Aún más portentoso resulta que, hoy, en el tiempo de la minuciosa revelación de los delitos ocultos en la política, los puteros de las pateras no tengan nombre, ni domicilio fiscal, ni guarida, ni dejen rastro de sus fechorías criminales en puertos y ensenadas, aunque les acechen con drones las policías de Occidente. Hemos de estar contentos, sin embargo: la justicia, ese reino prometedor de esperanzas, va a dar un respiro a la esclavitud de las putas, habiéndose anunciado por el gobierno de Pedro Sánchez la abolición por ley del puterío.

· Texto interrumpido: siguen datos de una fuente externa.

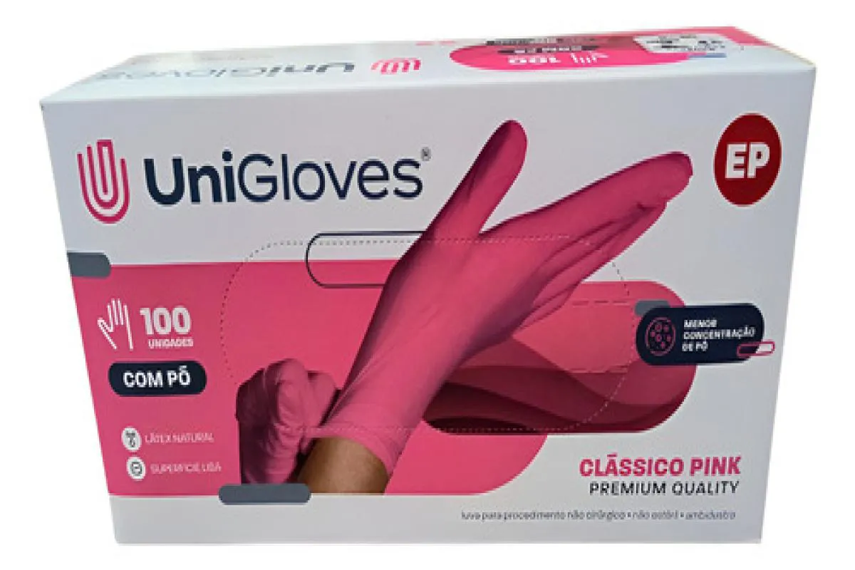 Luva Procedimento Latex Pink com Pó Unigloves 100Un EP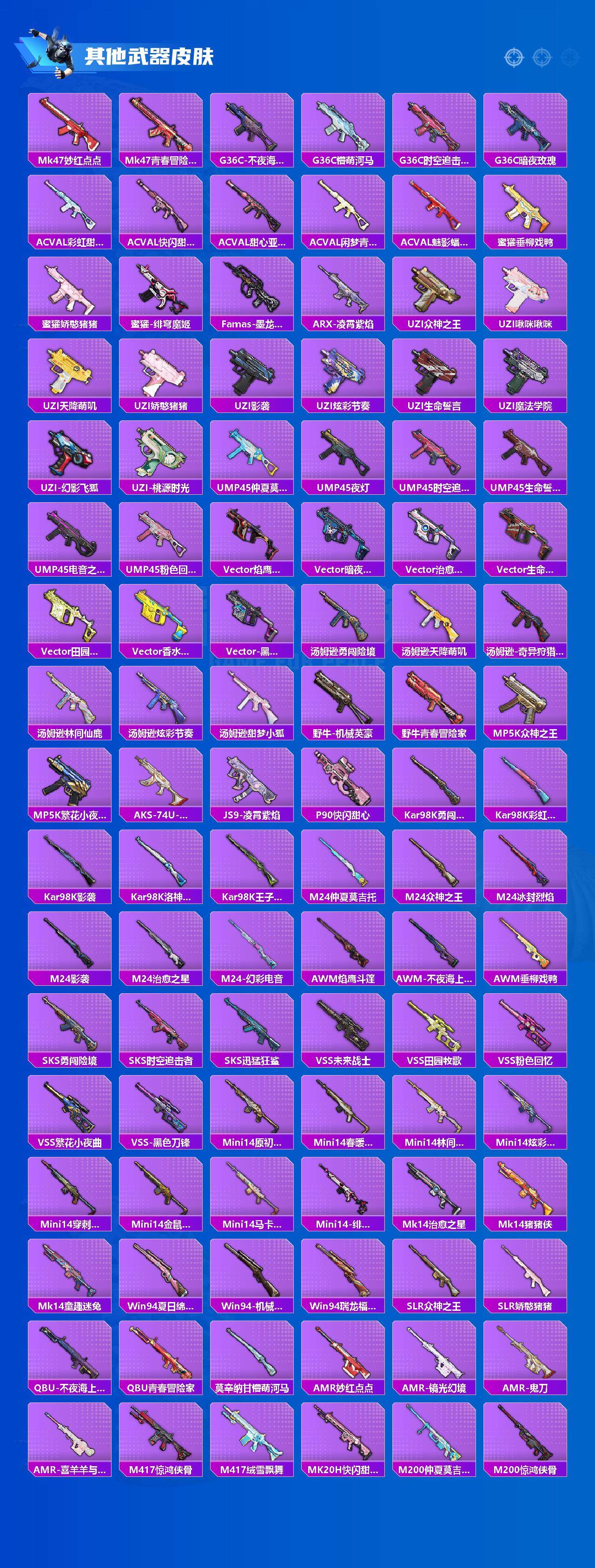 【粉色枪皮】:AKM-甜心宝贝,M16A4-垂柳戏鸭,SCAR-L-童趣迷兔,SCAR-L-机甲封神,M416-心之恋语,GROZA-巴啦啦小魔仙,AUG-甜心首席,M762-鬼刀,Vector-灵感创作师,P90-电糖天使,Kar98K-巳巳如意,Mk14-精灵梦叶罗丽,AMR-鸢尾晶梦,M200-梦海之灵,SPAS-1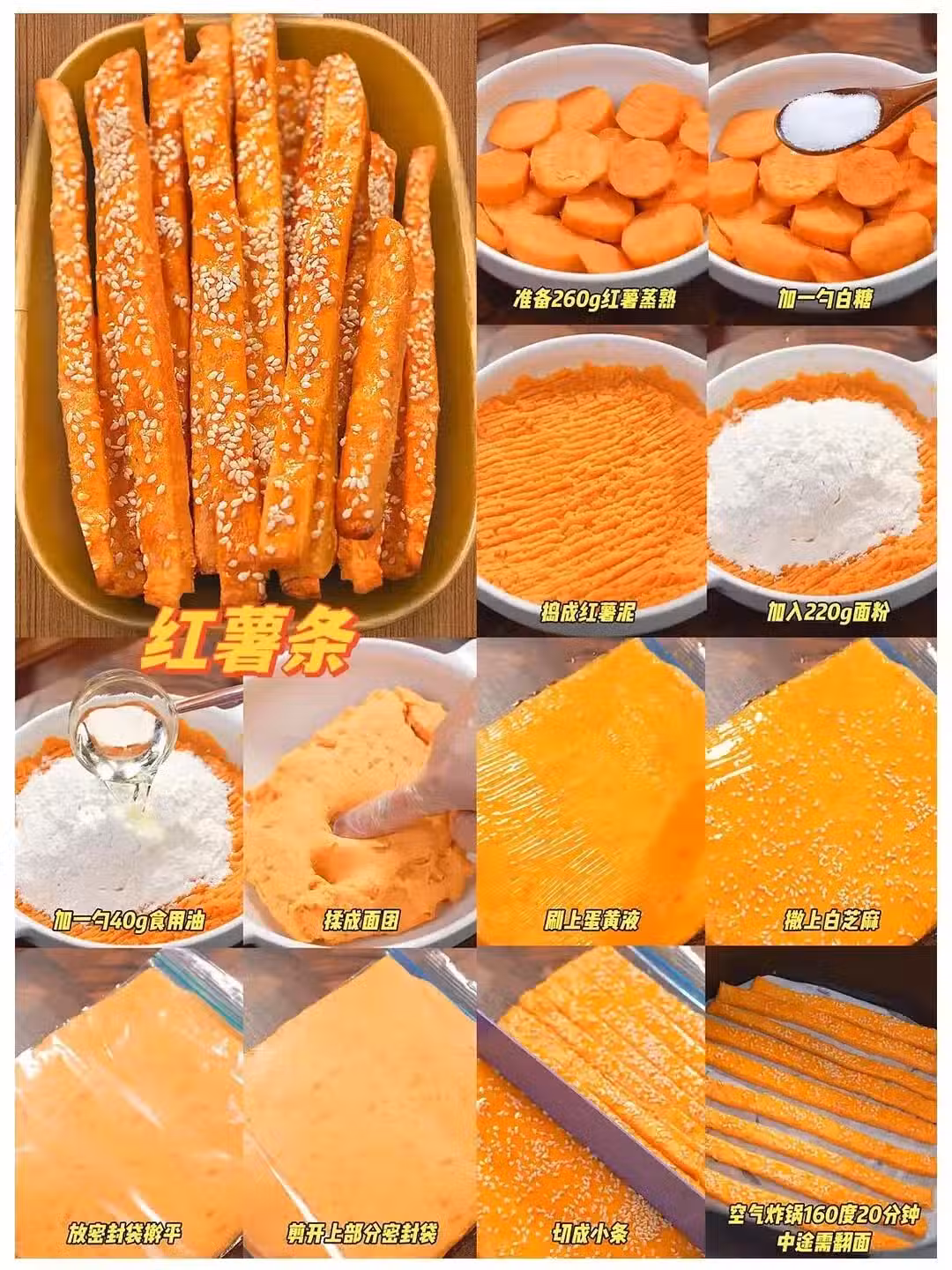 麥麥家薯條在它面前都是弟弟!秘訣是紅薯蒸熟,加麵粉揉成團,再切成小條,撒刷上雞蛋液,撒上白芝麻。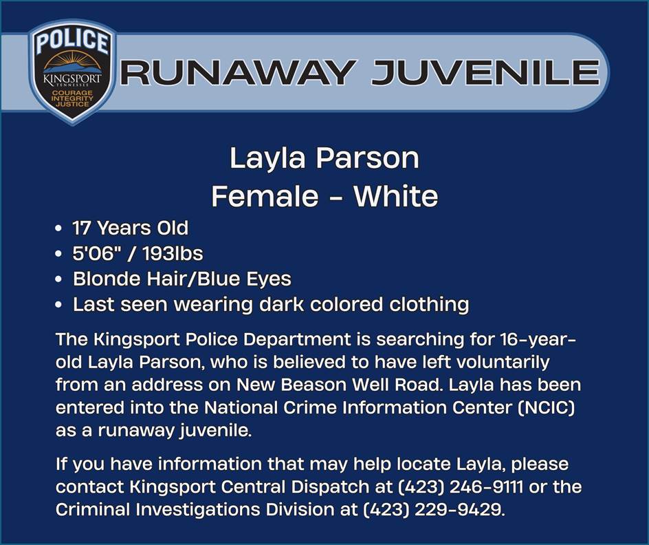 - Seventeen-year-old (17) Layla Parson is originally from Nunley, Tennessee. Layla is a white female with blonde hair and blue eyes; she is about 5’6″ tall and 193 pounds.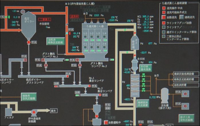 從上圖表來看,該項目的設計指標屬于日本目前最嚴格的地方排放標準,而中國目前個別地區(qū)的污染物排放要求則更為嚴格,如華星東方設計和建設的:寧波鄞州、青島黃島、浙江海寧等焚燒廠的煙氣凈化系統(tǒng),其NOx設計排放標準都低于上述排放標準,但日本實際運行煙氣系統(tǒng)時則投入更多藥劑,排放更貼近零排放,不少筆者參觀的焚燒廠除了NOx排放控制在30-40ppm,約70mg/Nm3外,其余污染物指標均小于1ppm運行。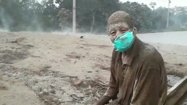 Siguen desaparecidos su hijo de 10 años y su pequeña de 4, que quedaron atrapados en la vivienda, inundada por el lodo caliente que descendió del volcán, de 3.763 metros de altura y que emitió columnas de ceniza de unos 6.000 metros de altura.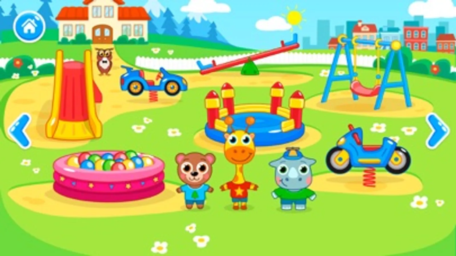 Each stage of the game displays processes which happen in kindergarten. You will be able to see how children spend time in kindergarten together, on the example of animals' kids.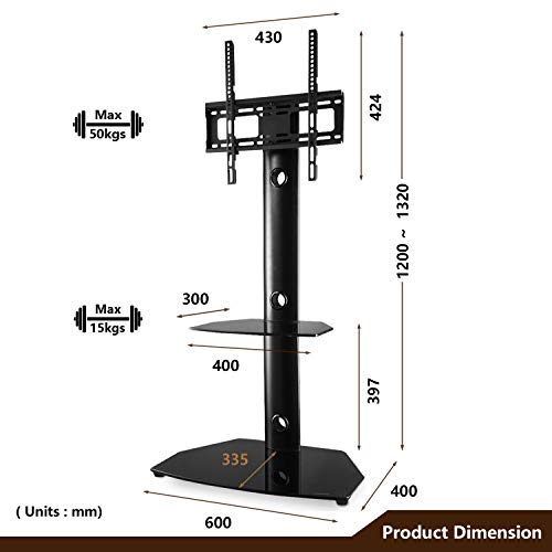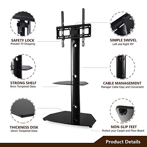 Marke: RFIVER Beschreibung: 3-in-1-TV-Ständer kann Ihre oringnal TV-Basis erhöhen, kann anstelle einer Wandhalterung TV-Halterung aber keine Notwendigkeit, Ihre schöne Wand zu bohren. Mehr für Sie, diese TV-Möbel verfügen über Kabel-Management, um Ihre Ausrüstung und Zubehör ordentlich und organisiert zu halten. Offenes schwarzes Hartglasregale sind perfekt für die meisten DVD-Player, HD-Recorder, DVRs, Kabel-TV-Boxen oder andere AV-Komponenten.Mount mit Wirbel und höhenverstellbare Funktionen, damit Sie besser sehen können. Der Ständer ist sehr stabil, um 27-55 „Fernsehen mit allen Komponenten zu unterstützen. Dies ist ein Muss, wenn Sie Platz in Ihrem Wohnzimmer sparen müssen Paket beinhaltet: – 1 x Dreh-TV-Ständer – 1 x Installationsanweisung Spezifikationen: – Produktabmessungen: 60 (L) x 40 (B) x 131,7 (H) cm – Karton: 68 (L) x 48 (B) x 11,5 (H) cm – Mount Gewicht Kapazität: 50kgs – Unterstützung VESA Größe: 100 (B) mm x 100 (H) mm bis 400 (B) mm x 400 (H) mm – Empfehlen Sie TV-Größe: 27-55 Zoll – Material: Glas, Metall – Farbe: Schwarz Sollten Sie irgendwelche Bedenken haben, hilft Ihnen unser freundliches Kundendienstteam gerne weiter und beantwortet Ihnen innerhalb von 24 Stunden.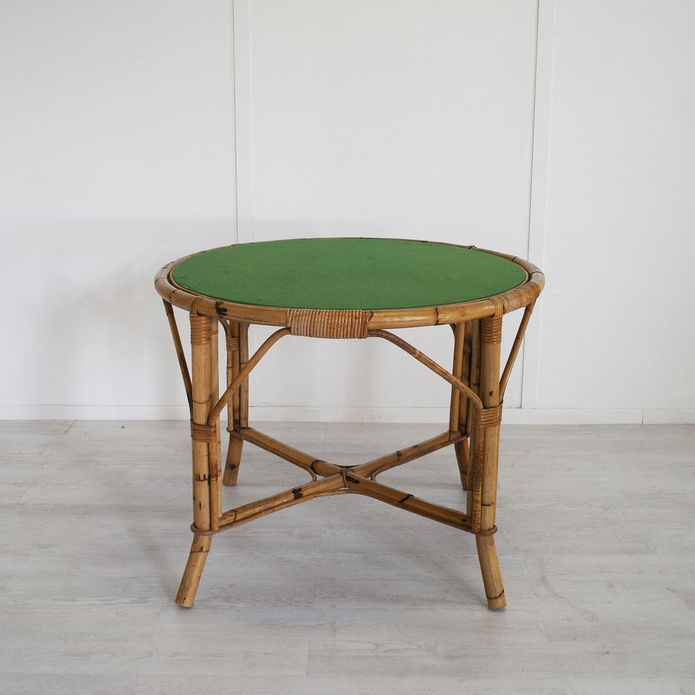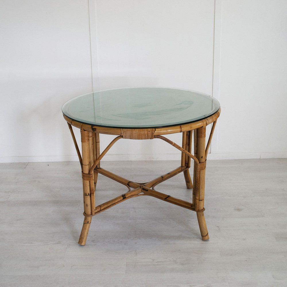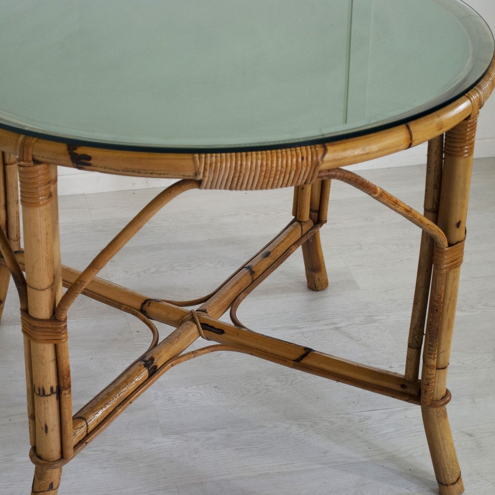 Tavolo in bambù con ripiano in vetro, Italia, anni '60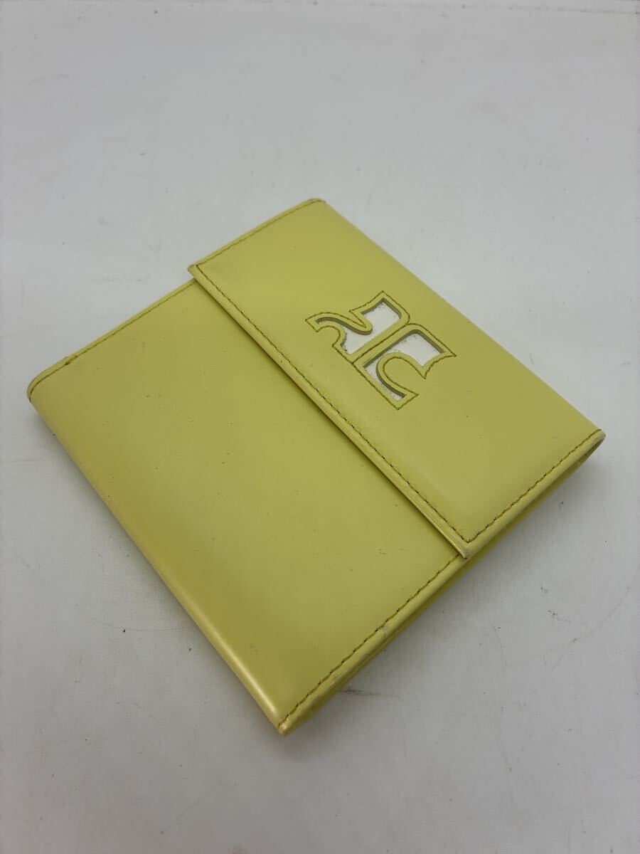 - courreges クレージュ レザー 二つ折り財布 イエロー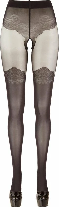 De look van een paar sexy kousen in het gemak van een panty. Het kan met deze zwarte panty uit de Cottelli Collection. Deze mooie panty is gemaakt van een zachte, super rekbare stof met een dikte van 40 denier. Hierdoor sluit de panty perfect aan op jouw benen en heupen zonder teveel huid te laten doorschijnen. Door de bijzondere details op de onder- en bovenbenen, ontstaat er een kousen look. Het lijkt dus net alsof jij kousen draagt. Draag deze panty onder een sexy jurkje of rokje en ga voor een verleidelijke maar stijlvolle look. Verras vervolgens je partner wanneer je je rokje of jurkje omhoog doet. De panty is namelijk voorzien van een open kruis zodat jij direct klaar bent voor het echte werk!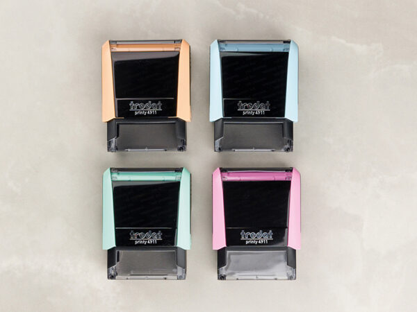 TRODAT Printy 4911P4 stamp is designed with a modern, beautiful, compact, and colorful style. The stamp has a sturdy clasp; the stamp ink pad has 2 latches on both sides for easy removal and installation, limiting fingers from touching the ink tampon layer causing stains; the transparent bottom edges of the stamp allow for precise alignment of the position.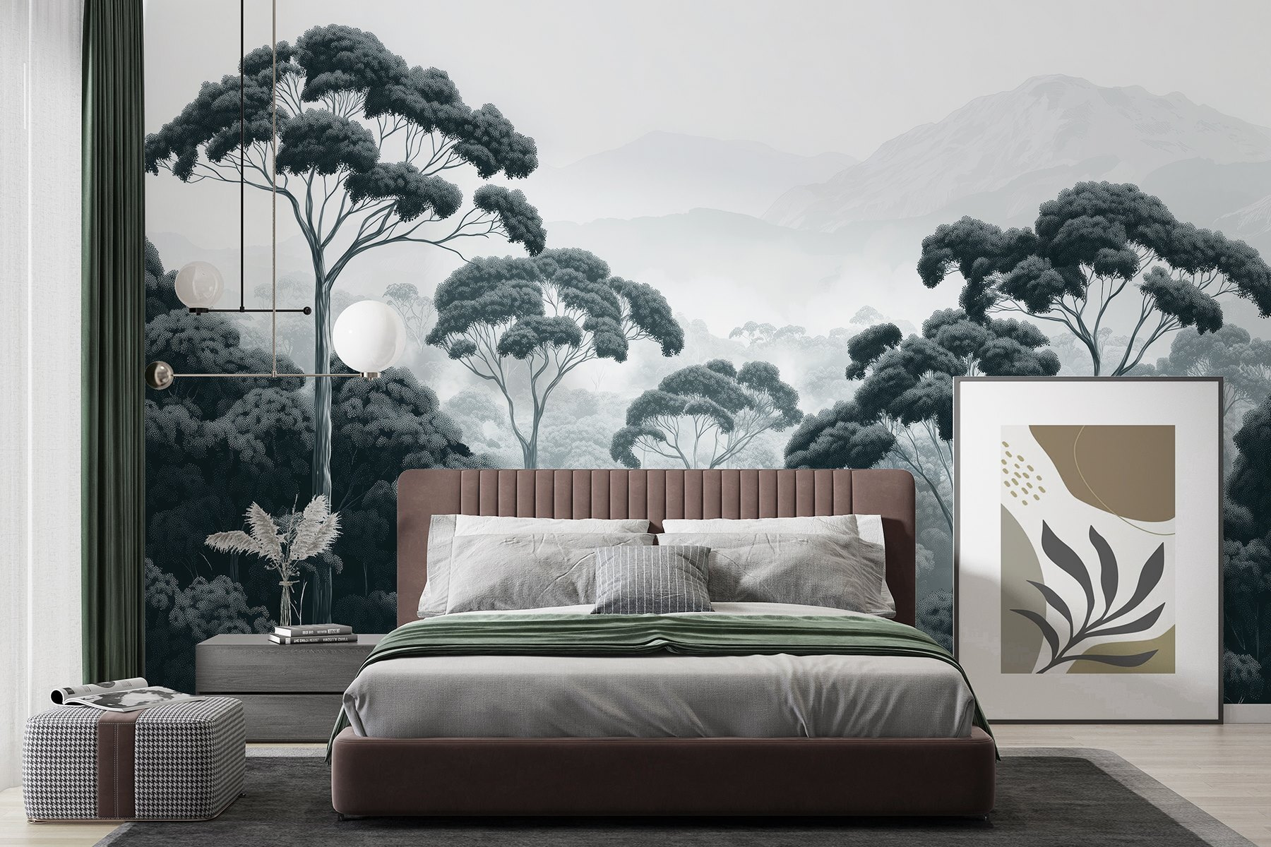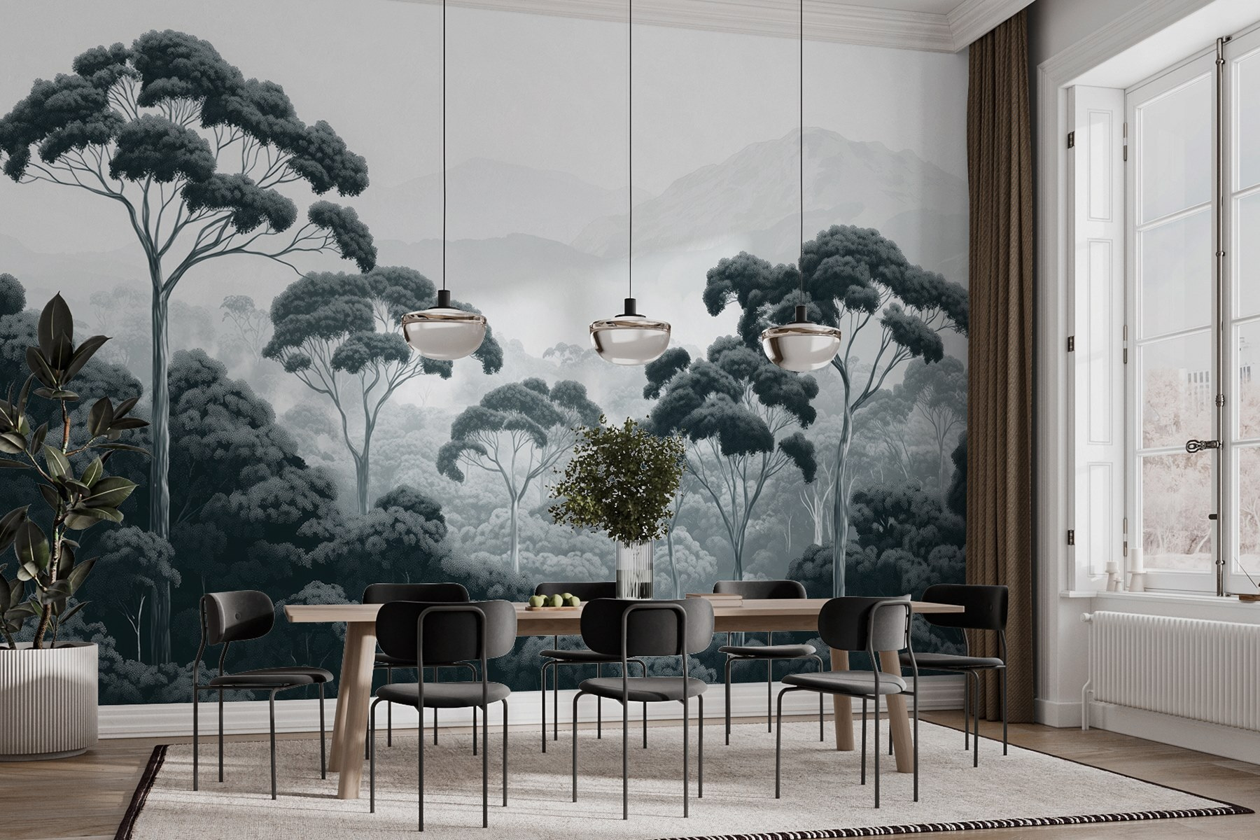 Μεταμορφώστε οποιοδήποτε δωμάτιο σε μια γαλήνια απόδραση με αυτή την εκπληκτική τοιχογραφία τοίχου με ένα δάσος με πανύψηλα δέντρα και ομιχλώδη βουνά. Φανταστείτε να πίνετε τον πρωινό σας καφέ ενώ περιβάλλεστε από τη φύση – χωρίς ενοχλητικά κουνούπια, μόνο αγνή ατμόσφαιρα! Το έργο τέχνης έχει μια ηρεμιστική ασπρόμαυρη παλέτα, ιδανική για τη δημιουργία ενός άνετου, στοχαστικού χώρου. Είτε πρόκειται για ένα σαλόνι είτε για ένα γραφείο στο σπίτι, αυτή η τοιχογραφία μπορεί να εμπνεύσει αυτές τις ονειροπολήσεις για πεζοπορία στο δάσος ή για να χαλαρώσετε με ένα καλό βιβλίο. Είναι σαν να έχετε ένα κομμάτι από τη μεγάλη ύπαιθρο ακριβώς στον τοίχο σας. Ποιος ήξερε ότι η φύση θα μπορούσε να είναι τόσο κομψή;

La palabra abolición tiene grandeza histórica, y ser abolicionista siempre fue un timbre de gloria. Como es un proyecto y no se ha consumado, aún se ignora cómo va a abolirse aquí de raíz algo tan arraigado. No tengo ninguna simpatía, ni tampoco odio, por la figura del consumidor de prostitución. Pero ¿hablamos de las grandes cadenas de producción erótica, o se va a penalizar al pequeño comercio del “aquí te pillo y aquí matamos dos pájaros de un tiro”? Nadie quiere ser puta involuntaria, y nadie quiere ser harraga adolescente encajado en las ruedas de un camión o en la goma de unos flotadores. Acabar o aliviar esas dos miserias o servidumbres nos haría bien a todos. Sin embargo la abolición a escala continental de los cruceros asesinos, y la persecución de los tratantes de las manadas de chicas incautas, o simplemente pobres, fracasa, aunque el dinero y los medios punitivos no faltan. Los pesimistas dicen que no hay solución sin milagro para detener o remediar la avalancha creciente de los migrantes. Yo tampoco creo en milagros, como ustedes, pero sí creíamos que la UE iba a poder vencer en ese campo. Vemos, por el contrario, una gran desunión europea, y el cómo vencer, el cómo superarla, no nos compete a nosotros, que somos espectadores impacientes, público preocupado del drama, contribuyentes de un bienestar que no sabemos o no queremos repartir.
En mi cabeza, dada a fantasear mientras recuerda, las dos historias cruzadas que empiezan con p se parecen en rasgos y peripecias. Quizá por eso sueño que un día, cuando el mundo real esté mejor hecho, la ficción nos dé un happy end que iguale a ambas y nos contente a todos.